Entries taken from a collection
....
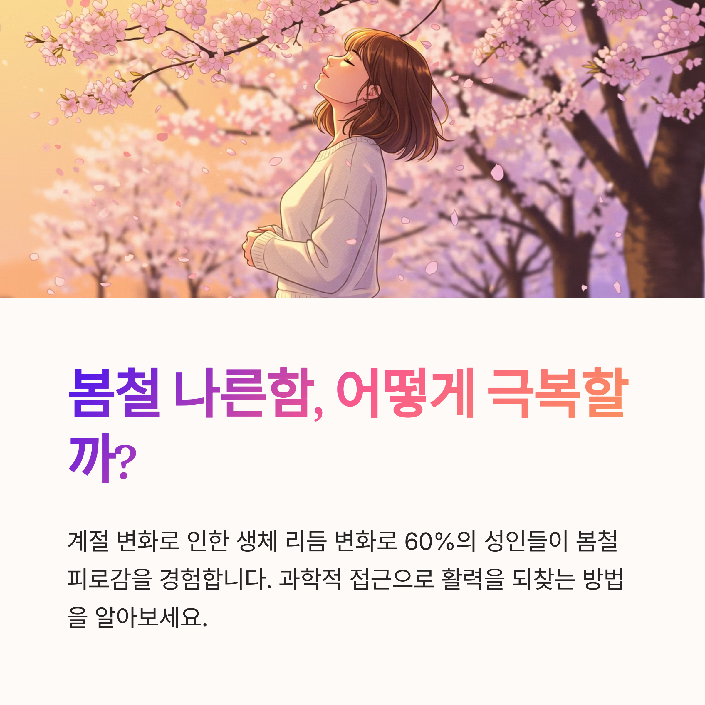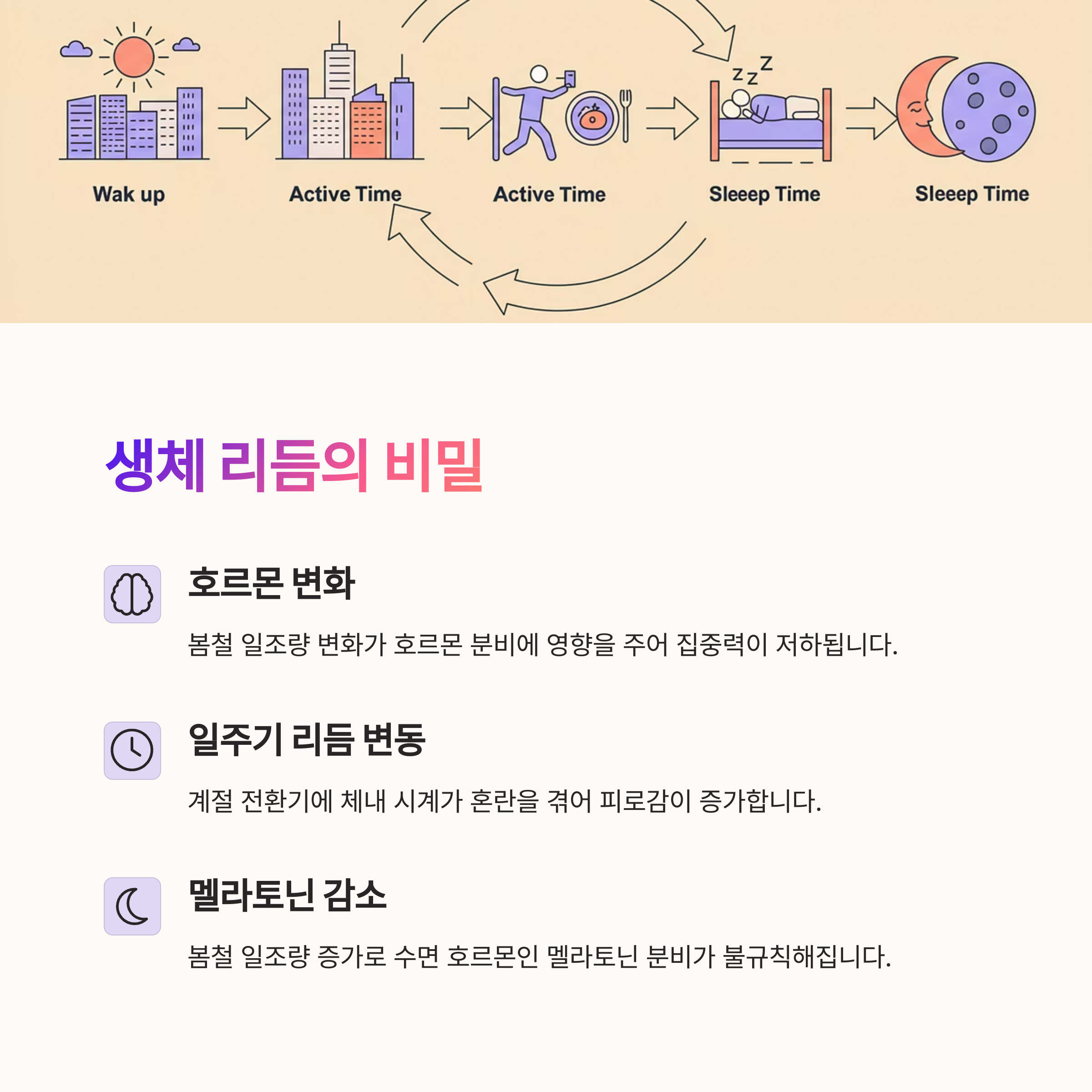 | 나른함의 원인 | 계절 변화로 인한 생체 리듬의 불균형이 주요 원인입니다. |
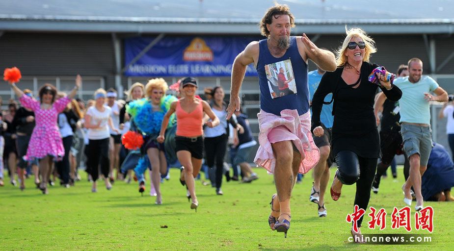 4月10日,在澳大利亞墨爾本,人們穿著高跟鞋賽跑。旨在挑戰(zhàn)多人穿高跟鞋賽跑的吉尼斯世界紀錄。盡管最終挑戰(zhàn)失敗,參賽者仍在80米的賽道上爭先恐后,各顯神通。
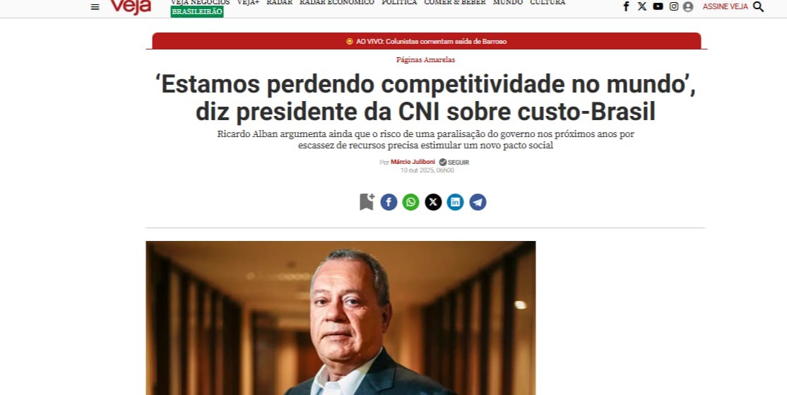 De acordo com entrevista exclusiva para a Veja, publicada no dia 10 de outubro de 2025, edição nº 2965, escrita por Márcio Juliboni, Ricardo Alban, presidente da Confederação Nacional da Indústria (CNI), destacou que a indústria brasileira perdeu espaço no cenário econômico mundial e precisa de medidas concretas para recuperar sua competitividade. Segundo ele, o setor representava 36% do PIB na década de 1980 e hoje corresponde a apenas 25%.
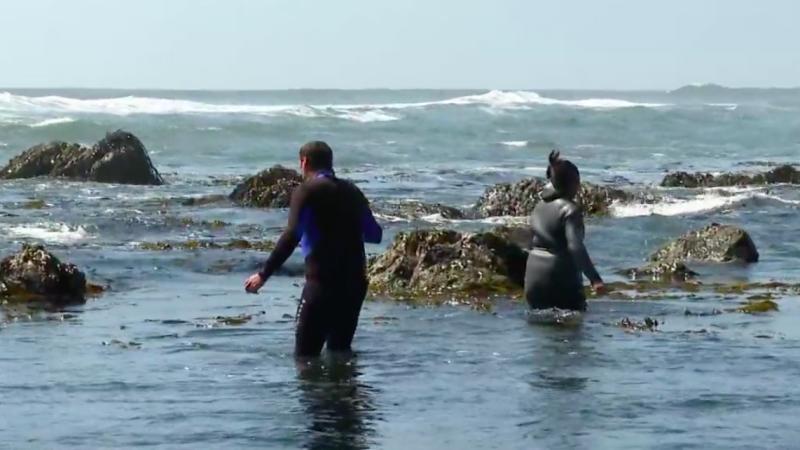 Con traje de buzo, Pancho y Georgina entran a las rocas del mar a recolectar estas nutritivas algas. Georgina se mueve ágilmente en la fría agua, con ya años de experiencia en esta labor, mientras que Pancho sigue su camino.
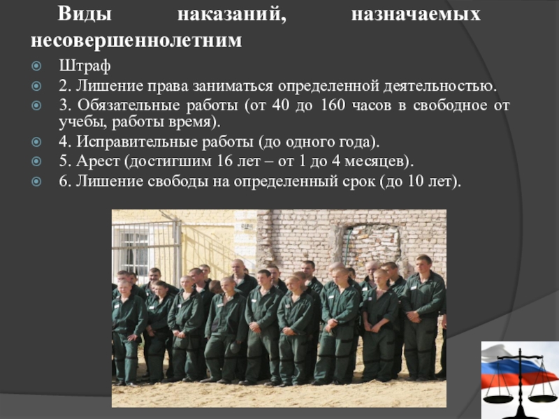 Слайд 13Виды наказаний, назначаемых несовершеннолетним
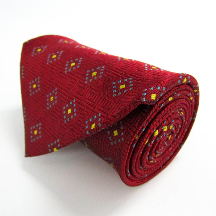 - クレージュ ブランド ネクタイ 小紋柄 スクエア柄 格子柄 シルク 日本製 PO メンズ レッド courreges
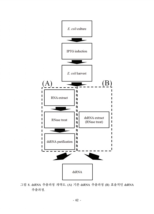 62 그림 8. dsRNA 추출과정 개략도. A 기존 dsRNA 추출과정 B 효율적인 dsRNA추출과정.
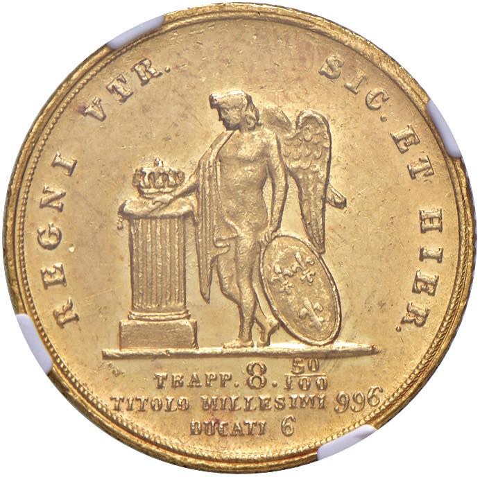 NAPOLI Ferdinando II (1830-1859) 6 Ducati 1852 - Nomisma 904 AU RR In slab NGC MS 62 8234021-010. Top pop, miglior esemplare certificato NGC. Ottima conservazione per questo tipo di moneta!
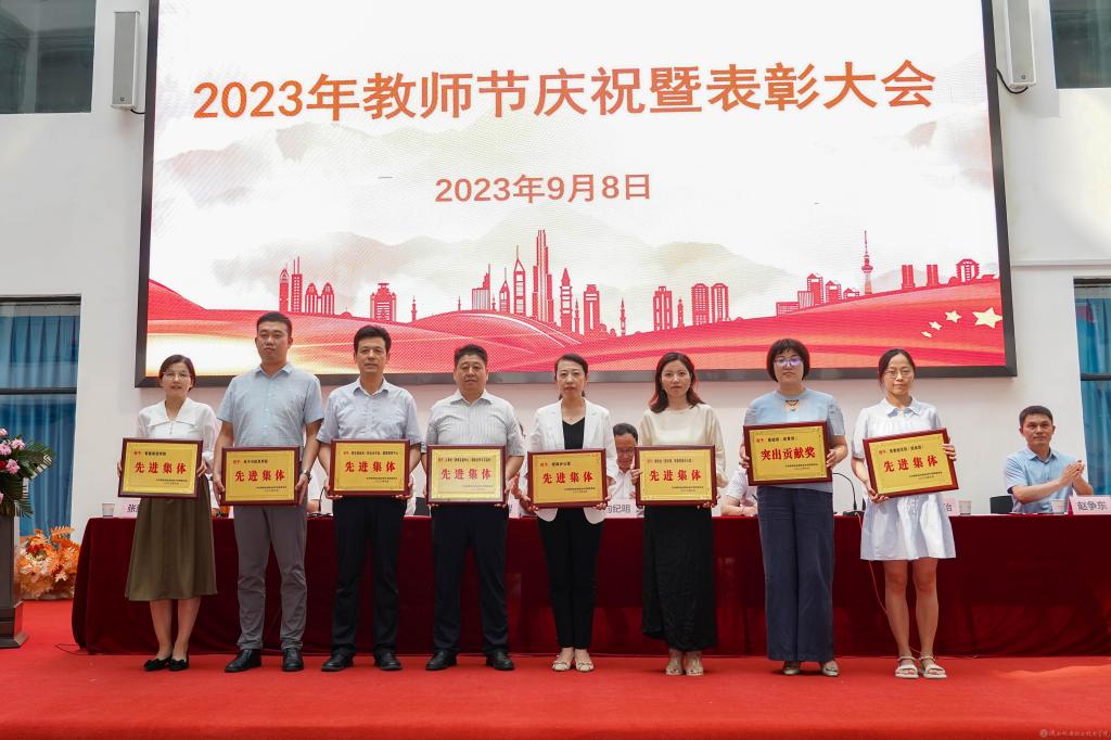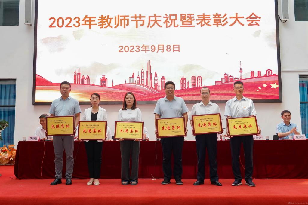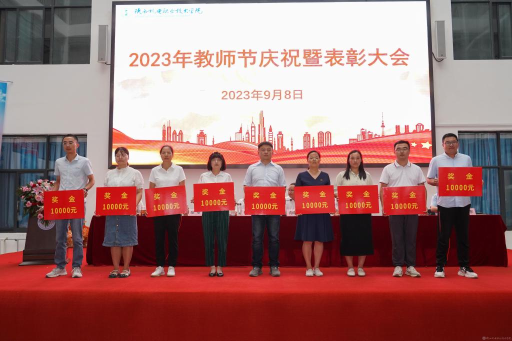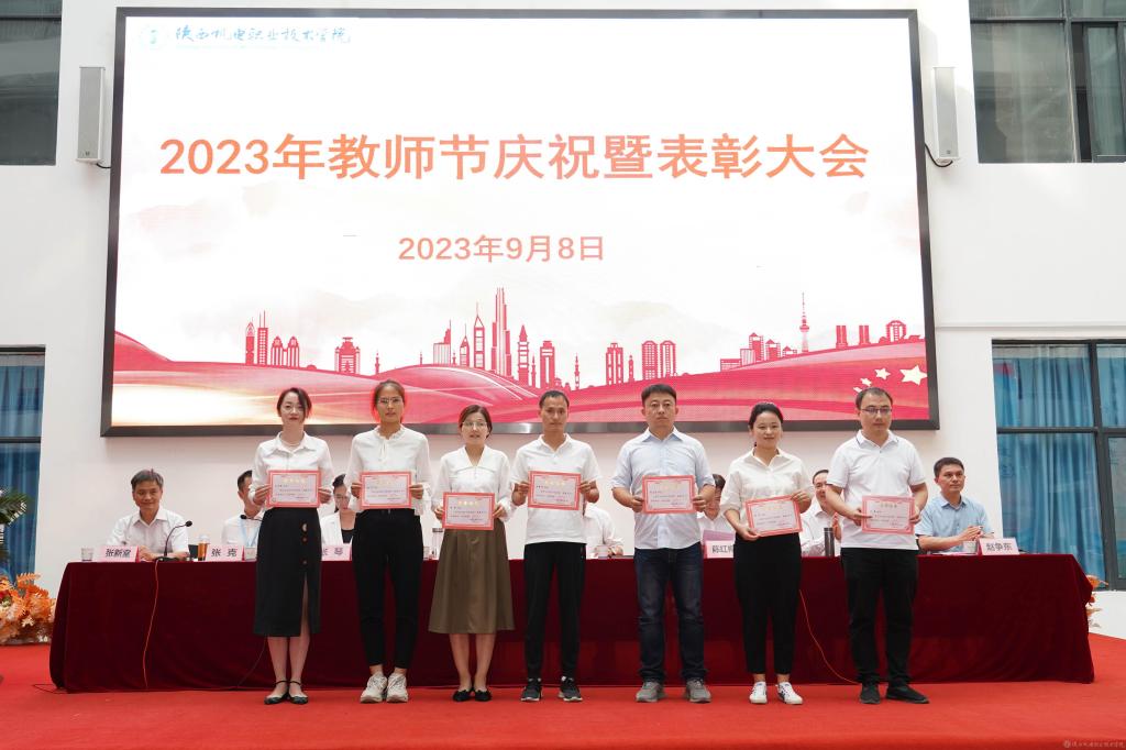 党委副书记张琴同志宣读《陕西省教育厅关于表彰第十三届陕西高职院校教学名师奖获奖教师的通知》并授予鲜花;宣读2022年度“先进集体”,2023年度“招生工作先进集体”表彰文件并颁奖。
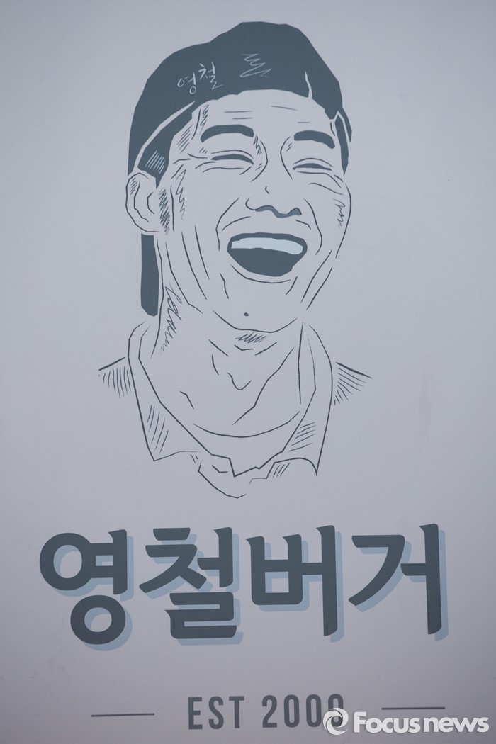 (서울=포커스뉴스)8일 오전 서울 성북구 '영철버거' 입구에 붙어 있는 영철버거 상호와 그림. 고려대 앞 명물로 꼽히는 '영철버거'가 최근 경영난으로 문을 닫았다가, 고려대를 다녔던 학생들이 영철버거와의 추억을 잊지 못해 십시일반 도와 가게를 옮겨 재오픈 했다.
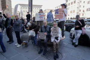 Pressenza - Saturday, October 18, 2025Una folta partecipazione di residenti americani a Firenze ha animato questa mattina un presidio davanti all’ingresso del Comune di Firenze in Piazza della Signoria. Tutti rigorosamente con coloratissimi cartelli hanno protestato in concomitanza con altri presidi simili in varie città di Italia e all’estero.
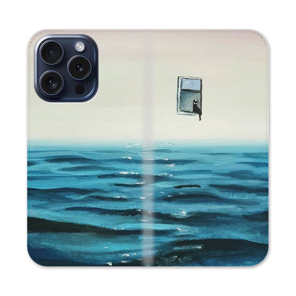 Katze auf dem Meer Apple iPhone 15 Pro Flip Case● Seitlich klappbar
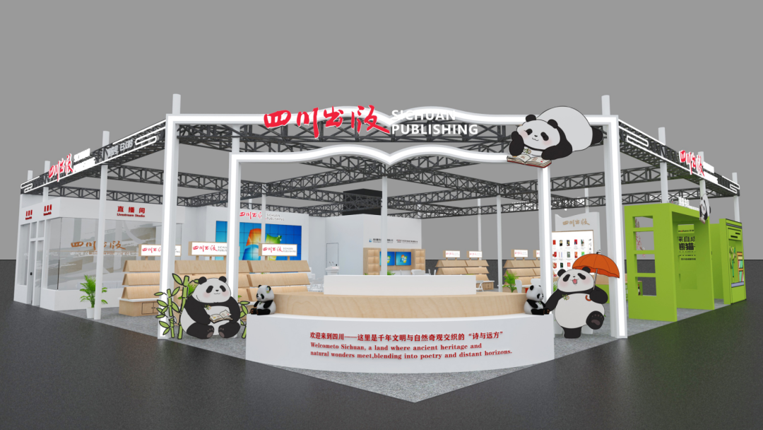 憨态可掬的“大熊猫”是展馆的核心视觉符号,以“书香天府熊猫伴读”为设计理念,展示巴蜀文化的独特魅力,构建起兼具简约格调、现代风范与国际视野的沉浸式展陈空间。馆内四川出版精品书台陈列的一本本装帧精美的书籍,“欢迎来四川——这里是千年文明与自然奇观交织的‘诗与远方’”的中英文对照宣传语熠熠生辉,彰显着四川出版以图书为媒介,让天府文脉跨越山海,在全球续写中国故事。
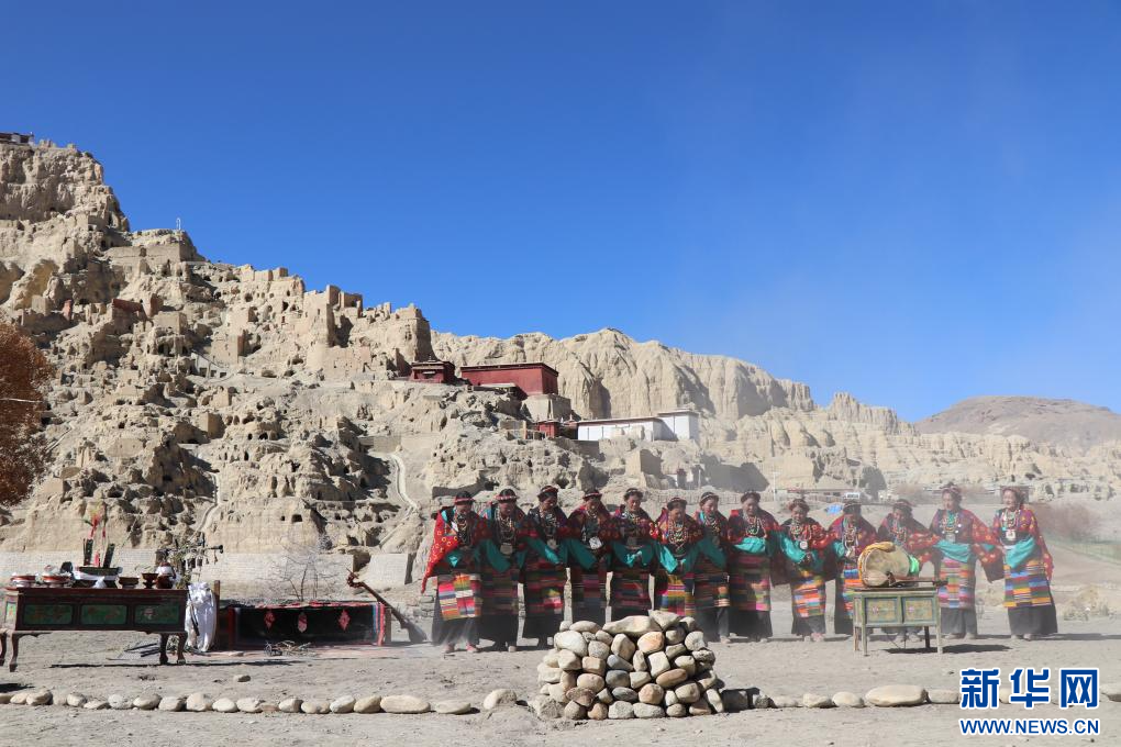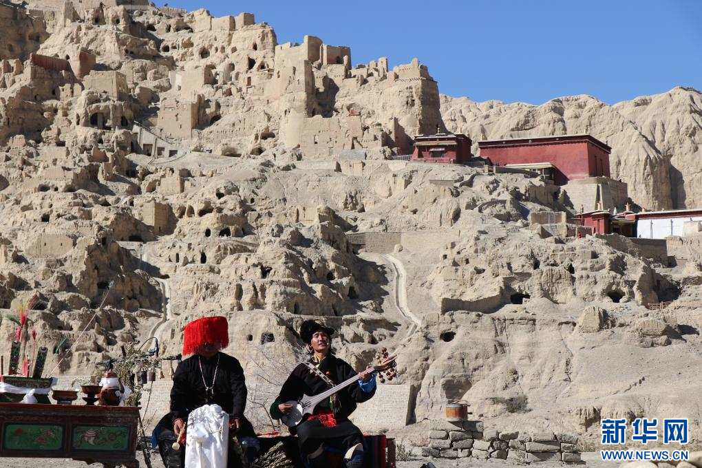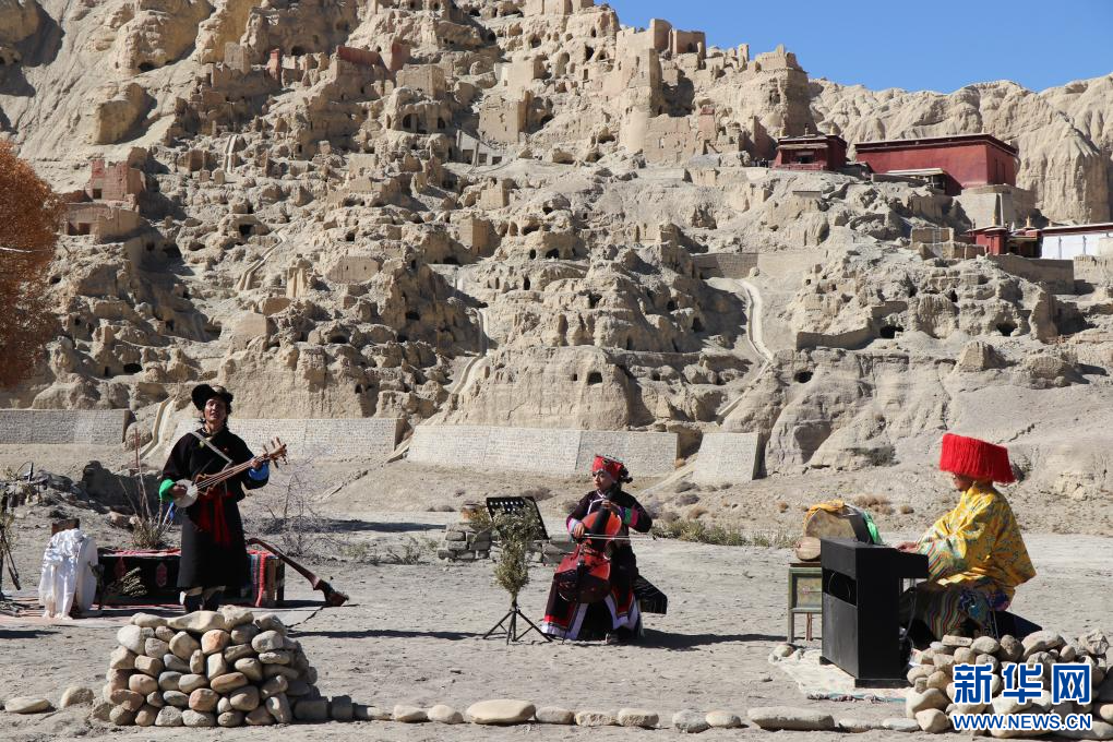 這是11月9日在古格遺址前的演奏現(xiàn)場(chǎng),多名樂手正在合奏西藏傳統(tǒng)音樂。新華社 發(fā)
....
[Aim of the task]:
Produce an exact copy of each line of data, skipping embedded images.

[Answer to this problem]:
 | 나른함의 원인 | 계절 변화로 인한 생체 리듬의 불균형이 주요 원인입니다. |
 4月10日,在澳大利亞墨爾本,人們穿著高跟鞋賽跑。旨在挑戰(zhàn)多人穿高跟鞋賽跑的吉尼斯世界紀錄。盡管最終挑戰(zhàn)失敗,參賽者仍在80米的賽道上爭先恐后,各顯神通。
 De acordo com entrevista exclusiva para a Veja, publicada no dia 10 de outubro de 2025, edição nº 2965, escrita por Márcio Juliboni, Ricardo Alban, presidente da Confederação Nacional da Indústria (CNI), destacou que a indústria brasileira perdeu espaço no cenário econômico mundial e precisa de medidas concretas para recuperar sua competitividade. Segundo ele, o setor representava 36% do PIB na década de 1980 e hoje corresponde a apenas 25%.
 Con traje de buzo, Pancho y Georgina entran a las rocas del mar a recolectar estas nutritivas algas. Georgina se mueve ágilmente en la fría agua, con ya años de experiencia en esta labor, mientras que Pancho sigue su camino.
 Слайд 13Виды наказаний, назначаемых несовершеннолетним
 - クレージュ ブランド ネクタイ 小紋柄 スクエア柄 格子柄 シルク 日本製 PO メンズ レッド courreges
 62 그림 8. dsRNA 추출과정 개략도. A 기존 dsRNA 추출과정 B 효율적인 dsRNA추출과정.
 NAPOLI Ferdinando II (1830-1859) 6 Ducati 1852 - Nomisma 904 AU RR In slab NGC MS 62 8234021-010. Top pop, miglior esemplare certificato NGC. Ottima conservazione per questo tipo di moneta!
 党委副书记张琴同志宣读《陕西省教育厅关于表彰第十三届陕西高职院校教学名师奖获奖教师的通知》并授予鲜花;宣读2022年度“先进集体”,2023年度“招生工作先进集体”表彰文件并颁奖。
 (서울=포커스뉴스)8일 오전 서울 성북구 '영철버거' 입구에 붙어 있는 영철버거 상호와 그림. 고려대 앞 명물로 꼽히는 '영철버거'가 최근 경영난으로 문을 닫았다가, 고려대를 다녔던 학생들이 영철버거와의 추억을 잊지 못해 십시일반 도와 가게를 옮겨 재오픈 했다.
 Pressenza - Saturday, October 18, 2025Una folta partecipazione di residenti americani a Firenze ha animato questa mattina un presidio davanti all’ingresso del Comune di Firenze in Piazza della Signoria. Tutti rigorosamente con coloratissimi cartelli hanno protestato in concomitanza con altri presidi simili in varie città di Italia e all’estero.
 Katze auf dem Meer Apple iPhone 15 Pro Flip Case● Seitlich klappbar
 憨态可掬的“大熊猫”是展馆的核心视觉符号,以“书香天府熊猫伴读”为设计理念,展示巴蜀文化的独特魅力,构建起兼具简约格调、现代风范与国际视野的沉浸式展陈空间。馆内四川出版精品书台陈列的一本本装帧精美的书籍,“欢迎来四川——这里是千年文明与自然奇观交织的‘诗与远方’”的中英文对照宣传语熠熠生辉,彰显着四川出版以图书为媒介,让天府文脉跨越山海,在全球续写中国故事。
 這是11月9日在古格遺址前的演奏現(xiàn)場(chǎng),多名樂手正在合奏西藏傳統(tǒng)音樂。新華社 發(fā)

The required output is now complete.